The ride over was uneventful. After picking up a cheap backpack, Su Jin spent the taxi trip reviewing Fu Qingdai's intel before getting dropped off outside the Talent Residential Community.
The complex lacked any real perimeter walls. Standing by the curb, Su Jin had a clear view of the drab, six-story walk-ups squatting inside.
Spaced a decent distance apart, the structures were scarred with webs of soot-stained cracks, wearing their heavy years on their crumbling facades.
Other than their depressing age, they were entirely unremarkable. Fortunately, the building numbers painted on the sides were still legible.
Building Seven—Fu Qingdai's residence—was visible right from the street.
Su Jin didn't rush in. Instead, he pulled out Fu Qingdai’s hand-drawn map and began pacing the perimeter, matching her layout to the real world.
Half an hour later, he circled back to the main gate.
The girl was terrifyingly meticulous. Every single line on her hand-drawn schematic had been drafted with a ruler.
Even the scale of the surrounding supermarkets and print shops was remarkably accurate.
It saved him the headache of mapping the territory himself.
He stepped onto the grounds. There was no access control; the rusting security booth at the entrance was nothing but window dressing.
Standing beneath Unit Two of Building Seven, the sour stench of rotting swill assaulted his nose.
Beside the main entrance was a square opening, roughly sixteen inches across, carved directly into the wall.
A vile sludge of food scraps, spoiled broth, and plastic bags festered at its base.
A low, knee-high cement partition separated the doorway from the filth.
He recognized the design from his childhood housing block—an old-school garbage chute.
Every floor had a hatch in the corridor, letting tenants blindly chuck their trash straight down to the ground level.
Thanks to the unbearable reek and constant clogging... these architectural nightmares were extinct outside of the most decrepit slums.
A massive, gnarled tree stood sentry right in front of the building.
Su Jin quickly circled its trunk. Sure enough, near the exposed roots, he spotted a dab of red paint—faded, but unmistakable.
This had to be Fu Qingdai's stash!
A quick glance confirmed the courtyard was empty. Su Jin slipped on a pair of work gloves from his backpack and started digging.

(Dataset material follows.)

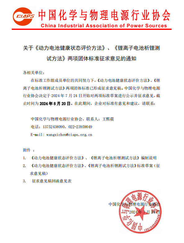 在標準工作組成員單位的共同努力下,《動力電池健康狀態(tài)評價方法》、《鋰離子電池析鋰測試方法》兩項團體標準已形成征求意見稿。中國化學與物理電源行業(yè)協(xié)會決定于2024年7月24日開始對兩項標準草案進行公示并征求意見,截止時間為2024年8月20日。在此期間,企業(yè)對標準有意見和建議,請聯(lián)系: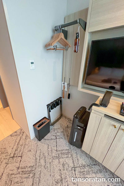 一見コンパクトですが、ハンガーがたっぷり用意されていて、翌日の洋服やアウターを掛けるには十分なスペースです。

Four inches down, his fingers scraped against the rusted lid of a patterned biscuit tin.
He popped it open. Inside lay tightly bound rolls of crumpled bills and a handful of loose coins.
He didn't have time to count it, but he silently offered the girl another round of applause.
Shoving the tin into his pack, Su Jin kicked the loose dirt back into the hole, stamping it flat.
Then, he tilted his head back, scanning the glass windows above. A satisfied smirk tugged at his lips.
Fu Qingdai lived on the fifth floor. Crudely written "For Rent" signs were plastered on the windows of both the second and fifth floors.
If he played this right, he could set up base camp directly across the hall from her... it would make managing the upcoming disaster vastly more efficient.
Time to secure the asset!
Memorizing the phone number, Su Jin scanned his surroundings.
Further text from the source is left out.